What to work on
Transcribe exactly, and only, the lines from the one containing "ظفرت اللغة العربية" through the end of the entries below, leaving the pictures out.

##### Task data #####

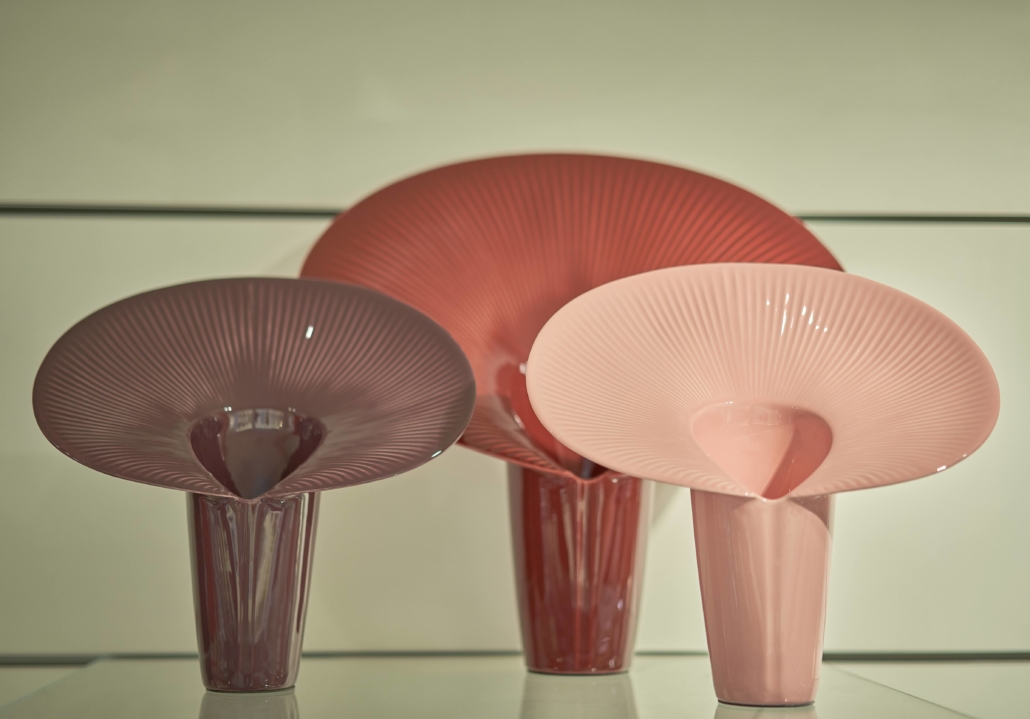 Fusca est une collection de vases voluptueux, aux lignes organiques et aux finitions glorieuses. La forme évocatrice et le mouvement du col laissent libre cours à l’imagination, de la tenue de scène d’une diva à la crinière d’un lion ou à une fleur de calla.
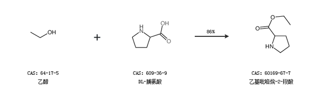 2.通过乙醇和DL-脯氨酸合成乙基吡咯烷-2-羧酸,收率约86%;
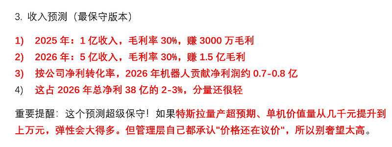 重要提醒:这个预测超级保守!如果特斯拉量产超预期、单机价值量从几千元提升到上万元,弹性会大得多。但管理层自己都承认"价格还在议价",所以别奢望太高。
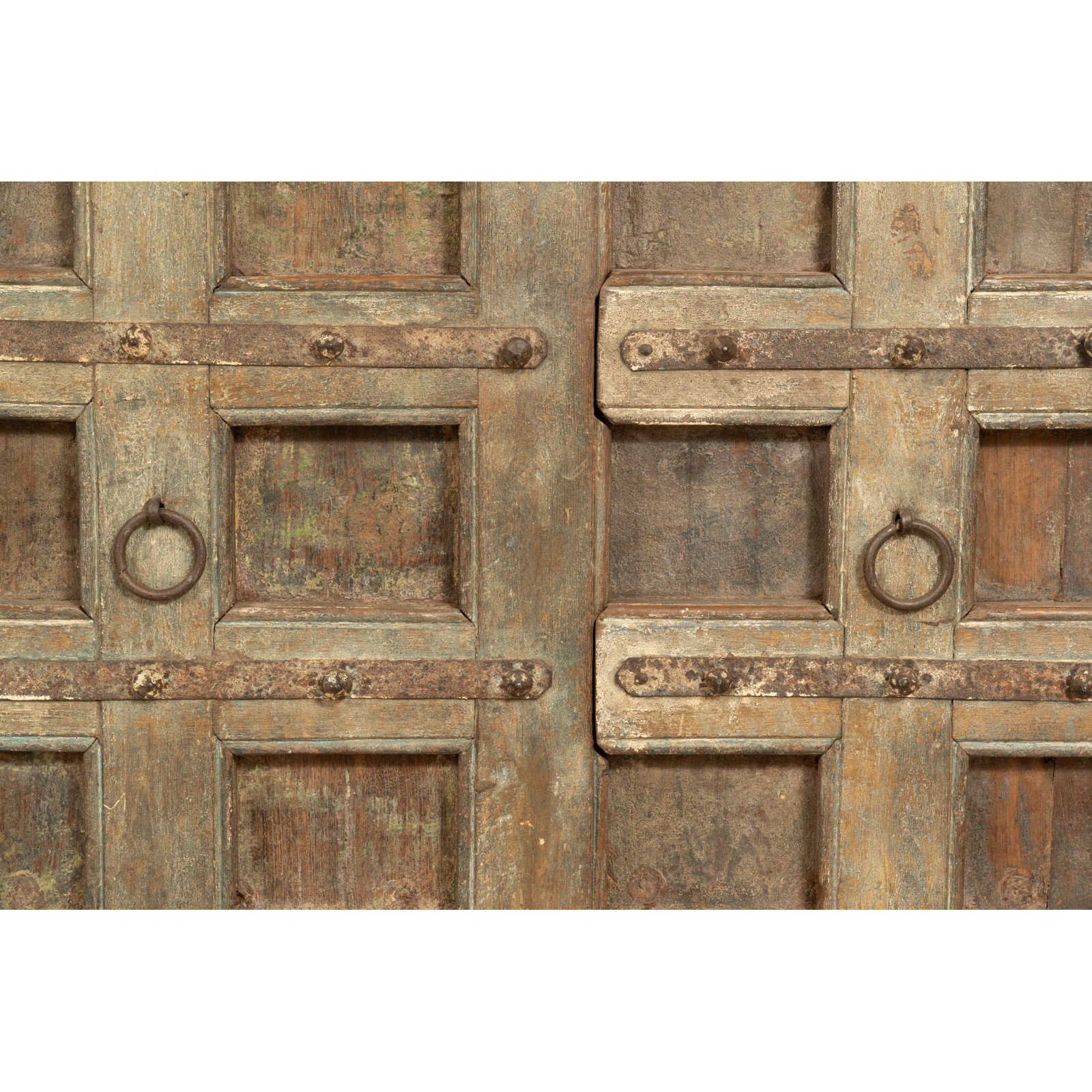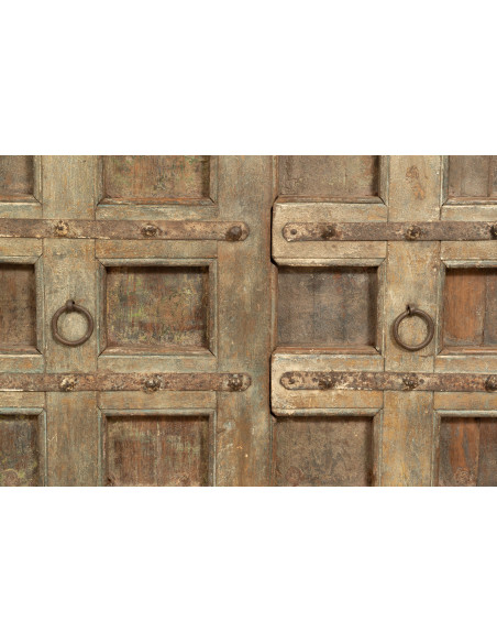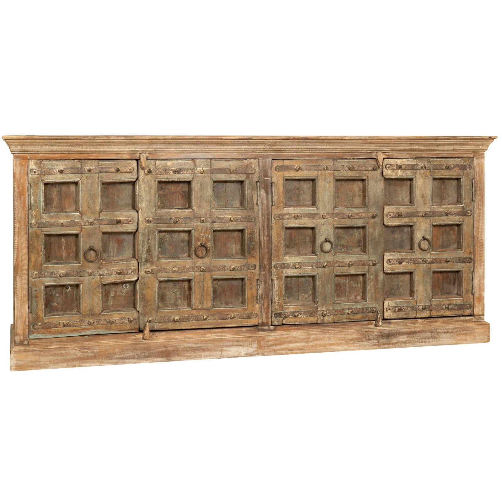 Solid and versatile sideboard made of reclaimed solid wood. Hand-painted with natural paints, the multiple shades make each piece of furniture unique. It has large closed shelves. Measuring L224xD51xH90 cm, it fits easily into any room. Ideal for lovers of antique furniture and wood.
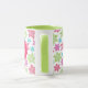 God jul, Grönt, rosa, ljusblå snöflingor mönster personlig med monogrammerad kamera mugg. Klar julstämning med Röd Grönt snöflingor eller snöfall på vit bakgrund inför vinterjulens helgdag.
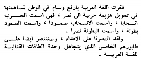 ظفرت اللغة العربية بأرفع وسام في الوطن لمساهمتها في تحويل هزيمة حربية إلى نصر، فهي أسمت الحرب انسحاباً، و اسمت الانسحاب صموداً، و أسمت الصمود بطولةً، و أسمت البطولة نصراً .
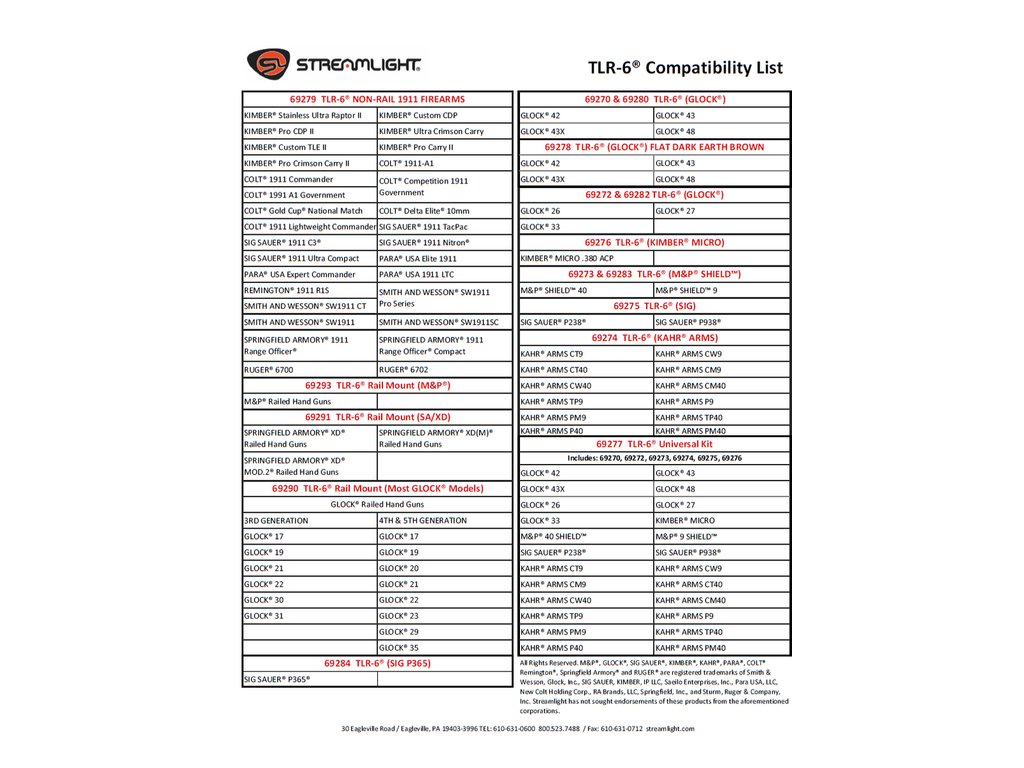 Model Streamlight TLR-6 využívá výkonnou C4 LED technologii, která produkuje 100 lumenů a intenzitu 2 000 candela. Optimalizovaná parabolická optika vytváří vyvážený světelný kužel kombinující dostatečný dosah a periferní osvětlení. Maximální dosvit činí 89 m.
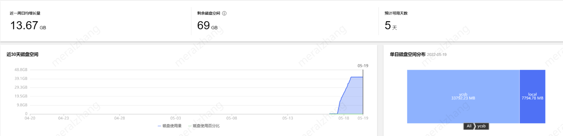 剩余磁盘空间 = 购买磁盘空间 - 数据空间
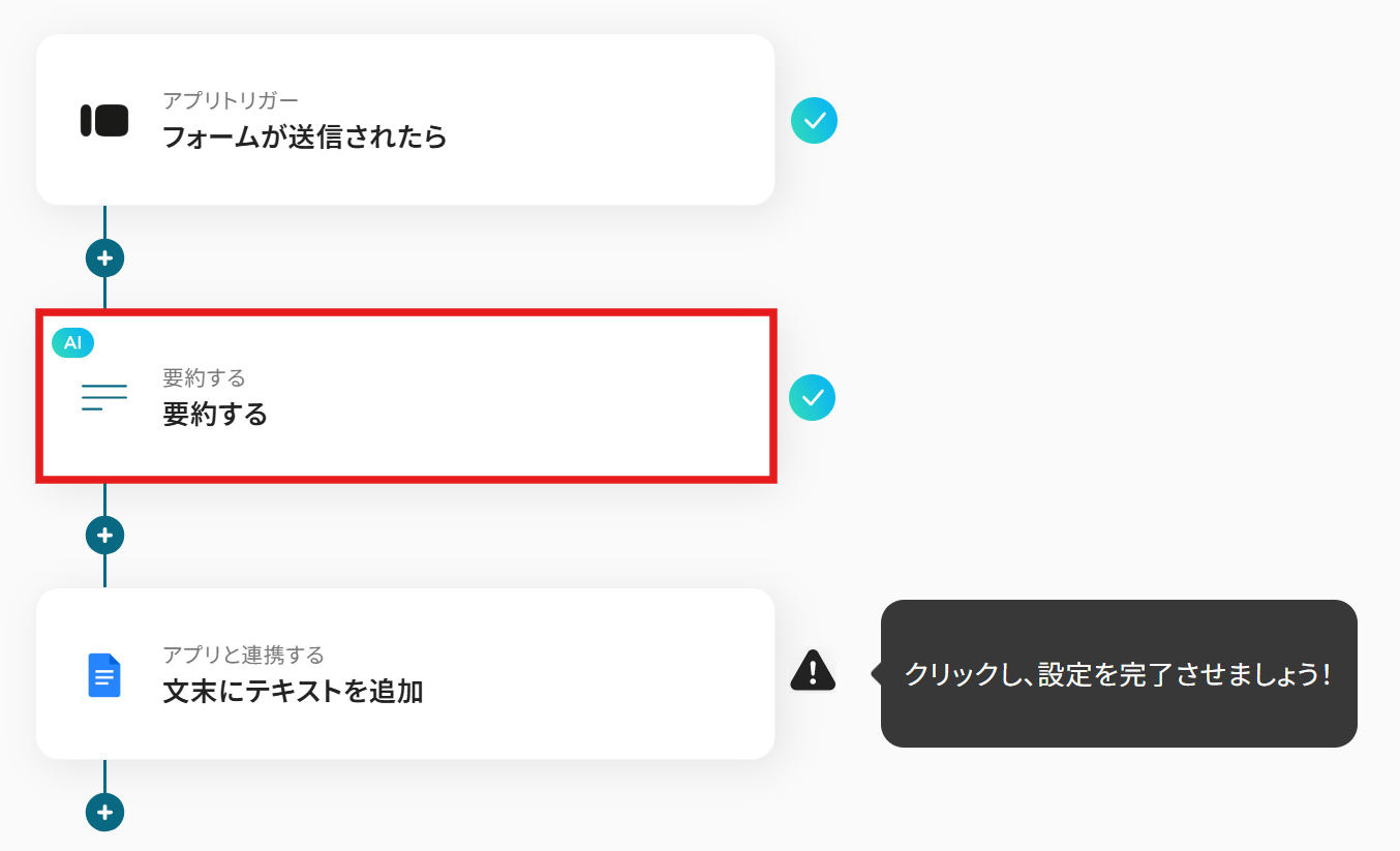 Typeformの回答内容をチェックし、「評価が低い」「改善要望あり」など、あらかじめ設定した特定の条件に合致する回答があった場合のみ、その内容をAIで要約してGoogleドキュメントに追記します。
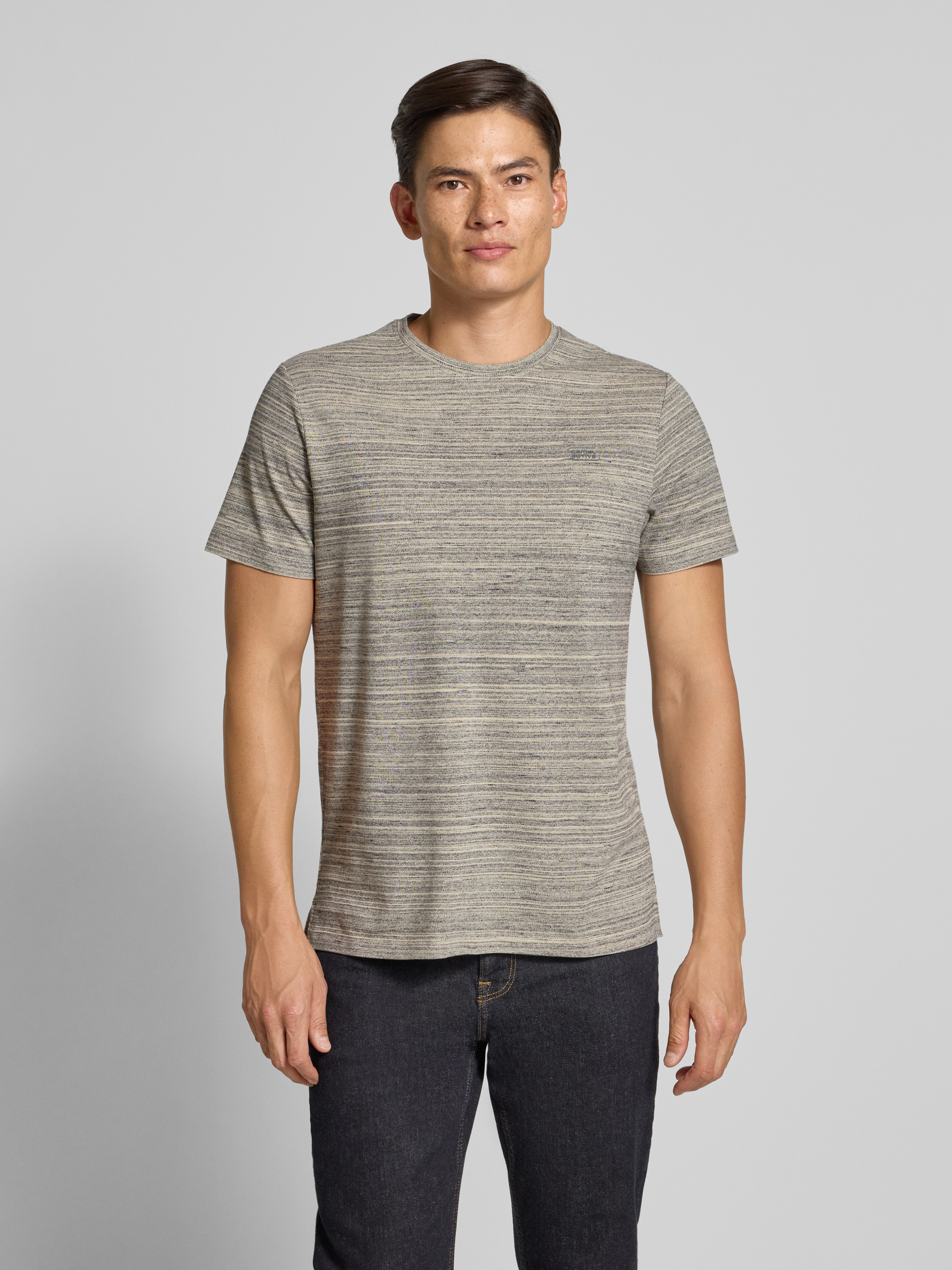 Regular fit T-shirt met ronde hals, model 'Melange' in lichtgrijs

#####

Result for this exercise
 ظفرت اللغة العربية بأرفع وسام في الوطن لمساهمتها في تحويل هزيمة حربية إلى نصر، فهي أسمت الحرب انسحاباً، و اسمت الانسحاب صموداً، و أسمت الصمود بطولةً، و أسمت البطولة نصراً .
 Model Streamlight TLR-6 využívá výkonnou C4 LED technologii, která produkuje 100 lumenů a intenzitu 2 000 candela. Optimalizovaná parabolická optika vytváří vyvážený světelný kužel kombinující dostatečný dosah a periferní osvětlení. Maximální dosvit činí 89 m.
 剩余磁盘空间 = 购买磁盘空间 - 数据空间
 Typeformの回答内容をチェックし、「評価が低い」「改善要望あり」など、あらかじめ設定した特定の条件に合致する回答があった場合のみ、その内容をAIで要約してGoogleドキュメントに追記します。
 Regular fit T-shirt met ronde hals, model 'Melange' in lichtgrijs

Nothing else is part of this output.